Author: Corbin Devlin
A Common Mistake
A surprisingly common mistake made by owners and contractors alike is to use a stipulated price contract form for a unit price contracting arrangement. That is, I frequently see contracts that attach a schedule of unit prices to a form that is otherwise clearly intended for use with a stipulated (lump sum) contract price. This creates uncertainty in the contract terms, which increases the chances of dispute and litigation.
The Difference Between Them
The terms and conditions of unit price and stipulated price contracts are generally very similar. After all, a unit price is a stipulated price; i.e. the price (per unit of measurement) is fixed, subject only to determination of the total quantity of work. On the other hand, there are a couple of important terms required in a unit price contract, beyond the schedule of unit prices, that are not found in a stipulated price contract. A unit price contract requires provisions for measurement of quantities (What is the basis of measurement? Who is responsible to determine quantities for payment?), and for certifying progress payments (usually based on estimated quantities, subject to adjustment upon completion). A unit price contract may also have unique provisions relating to changes in the work (e.g. Are unit prices subject to adjustment if the quantities of work are substantially increased?).
The Potential for Dispute
It is not uncommon to have some disagreement over final quantities in a unit price contract.

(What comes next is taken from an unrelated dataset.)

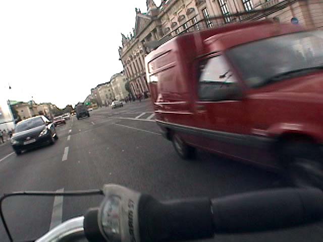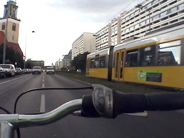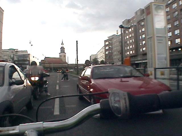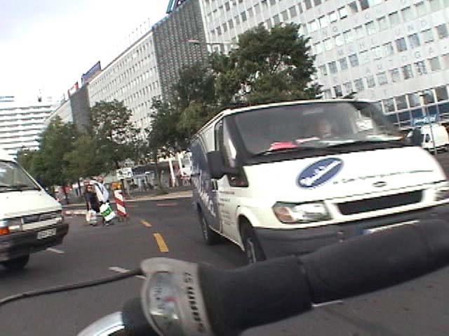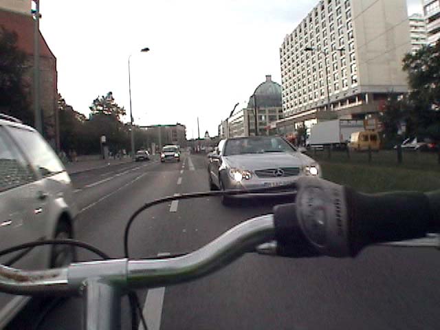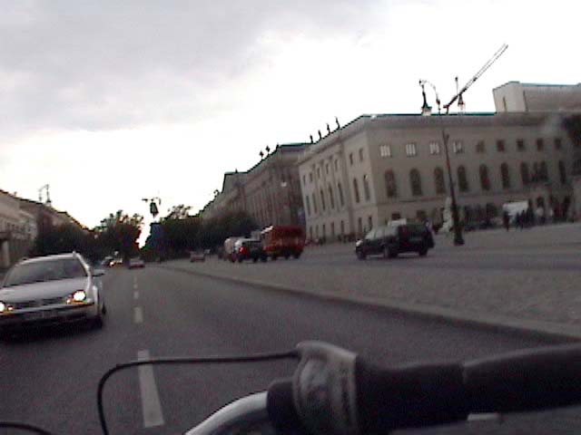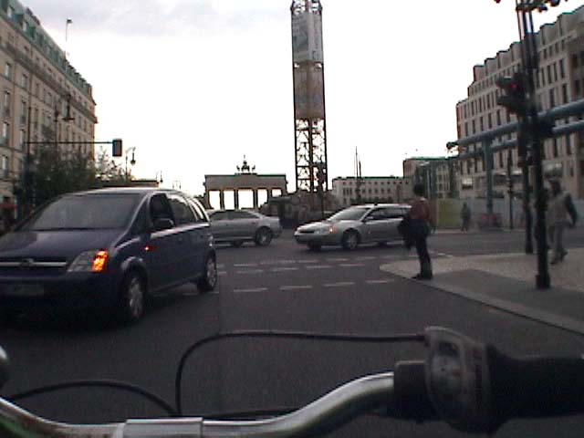 Bicycling from Karl-Marx-Allee through the Brandenburger Gate - Meditating Berlin 1989, 2007 again, against traffic without holding the handlebar, on a shitty bike. don't ask questions why i do this - I have no answers. I survived it.. Police didn't get me... I was lucky..! PS: From arepressive state that was supposed to be inspired by Marx against the grain, against rules and laws, against the flow and walls,towards the WEST. 13 min.

Such disagreement can turn into litigation when there are no clear contract provisions relating to the determination of quantities for payment. Quite simply, a contract that refers to an overall stipulated price, and then attaches a schedule of unit prices, may be ambiguous. Ambiguity as to a key contract term (price) may invalidate a contract. Attaching a schedule of unit prices does not obviously make it a unit price contract; it is equally possible to have a lump sum contract that attaches a schedule of prices intended to apply only to changes in the work. The parties may have it clear in their minds which of these scenarios is intended. I have unfortunately seen it come to pass, more than once, that one party believes they have signed a unit price contract while the other party believes it to be a lump sum contract (with unit pricing only for changes in the work). The contract documents can often be interpreted either way. Use of the right contract form could have avoided dispute and legal expense in these cases.